__Material shown__.
===============

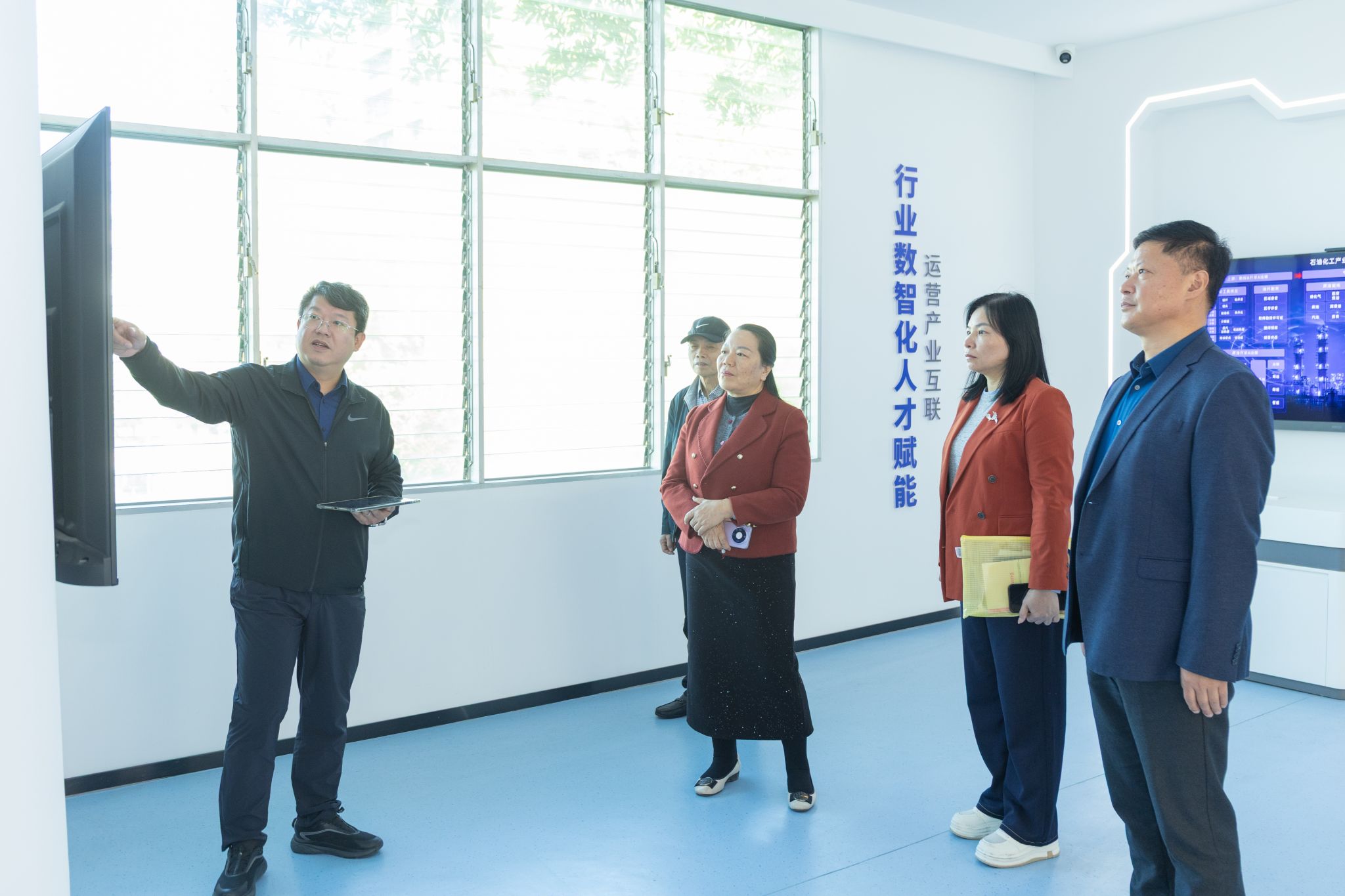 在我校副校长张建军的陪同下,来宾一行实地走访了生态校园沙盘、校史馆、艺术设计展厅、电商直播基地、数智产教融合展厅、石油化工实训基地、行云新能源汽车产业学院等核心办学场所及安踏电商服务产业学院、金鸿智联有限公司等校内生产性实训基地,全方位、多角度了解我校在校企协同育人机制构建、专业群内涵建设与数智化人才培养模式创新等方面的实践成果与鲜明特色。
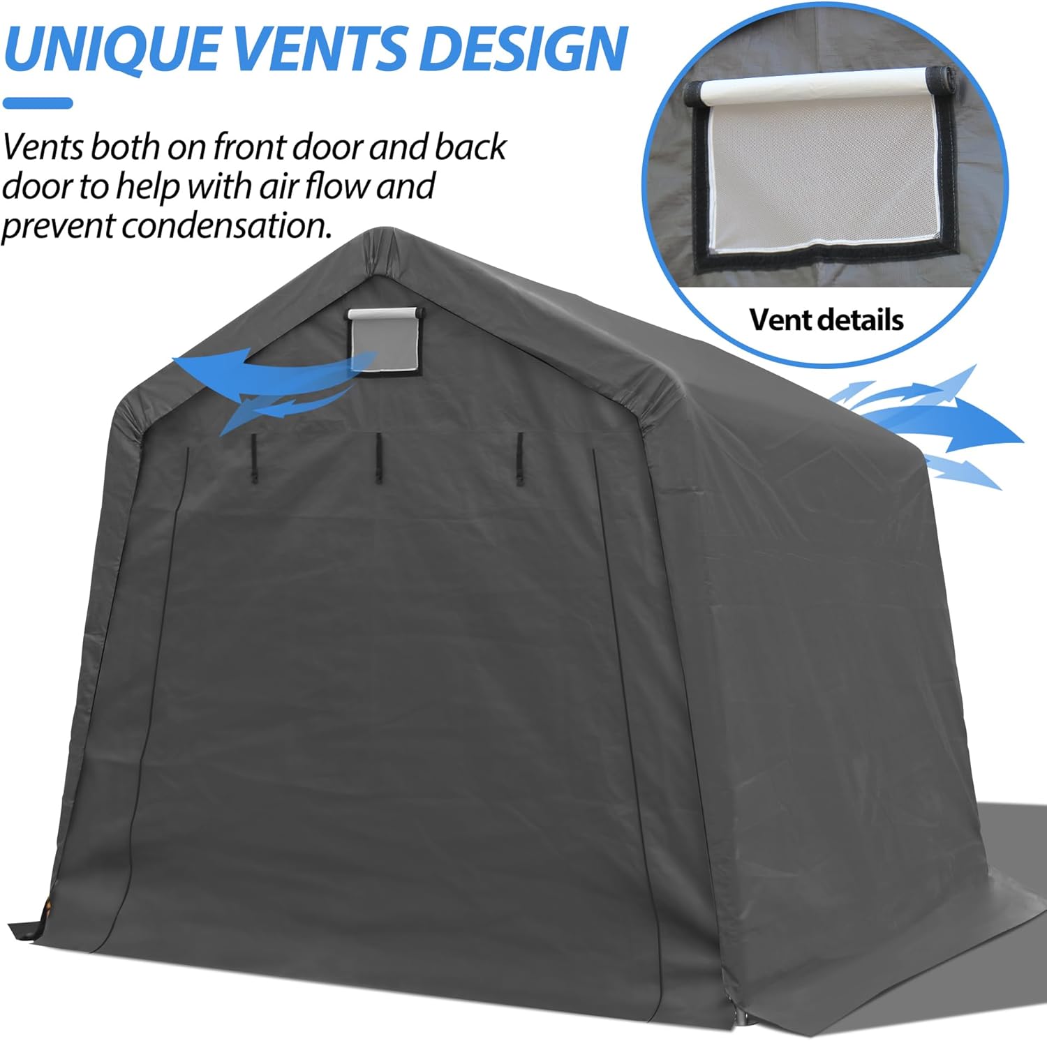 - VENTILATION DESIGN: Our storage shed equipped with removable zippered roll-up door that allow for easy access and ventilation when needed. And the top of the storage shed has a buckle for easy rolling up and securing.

===============

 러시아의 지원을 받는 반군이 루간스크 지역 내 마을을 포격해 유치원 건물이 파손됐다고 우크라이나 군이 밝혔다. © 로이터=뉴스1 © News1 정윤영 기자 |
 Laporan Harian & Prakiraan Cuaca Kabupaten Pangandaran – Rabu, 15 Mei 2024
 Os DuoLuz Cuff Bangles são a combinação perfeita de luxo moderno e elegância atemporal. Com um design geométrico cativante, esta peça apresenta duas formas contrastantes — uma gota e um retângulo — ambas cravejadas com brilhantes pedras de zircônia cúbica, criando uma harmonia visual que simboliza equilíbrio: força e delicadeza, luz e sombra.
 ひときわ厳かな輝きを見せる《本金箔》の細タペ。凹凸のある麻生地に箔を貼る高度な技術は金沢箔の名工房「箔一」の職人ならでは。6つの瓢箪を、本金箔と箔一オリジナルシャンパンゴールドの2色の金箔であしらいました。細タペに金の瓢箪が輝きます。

===============

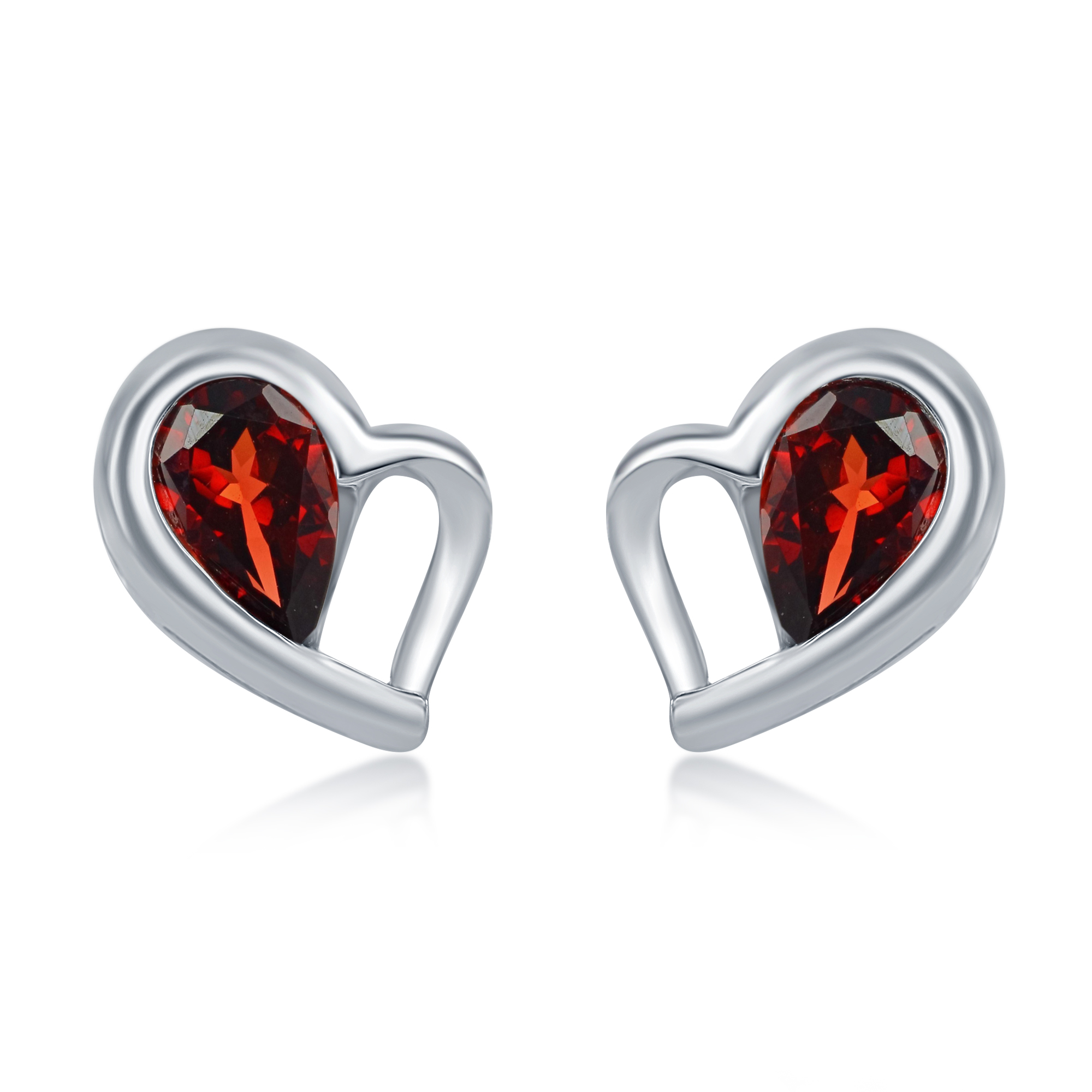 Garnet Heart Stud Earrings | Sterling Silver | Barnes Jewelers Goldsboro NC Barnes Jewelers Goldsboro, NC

===============

__Work instructions__.
In the listing above, find the line with "Os DuoLuz Cuff" and the line with "ひときわ厳かな輝きを見せる《"; set down exactly those two lines and every line between them, nothing more.

__Answer space__.
 Os DuoLuz Cuff Bangles são a combinação perfeita de luxo moderno e elegância atemporal. Com um design geométrico cativante, esta peça apresenta duas formas contrastantes — uma gota e um retângulo — ambas cravejadas com brilhantes pedras de zircônia cúbica, criando uma harmonia visual que simboliza equilíbrio: força e delicadeza, luz e sombra.
 ひときわ厳かな輝きを見せる《本金箔》の細タペ。凹凸のある麻生地に箔を貼る高度な技術は金沢箔の名工房「箔一」の職人ならでは。6つの瓢箪を、本金箔と箔一オリジナルシャンパンゴールドの2色の金箔であしらいました。細タペに金の瓢箪が輝きます。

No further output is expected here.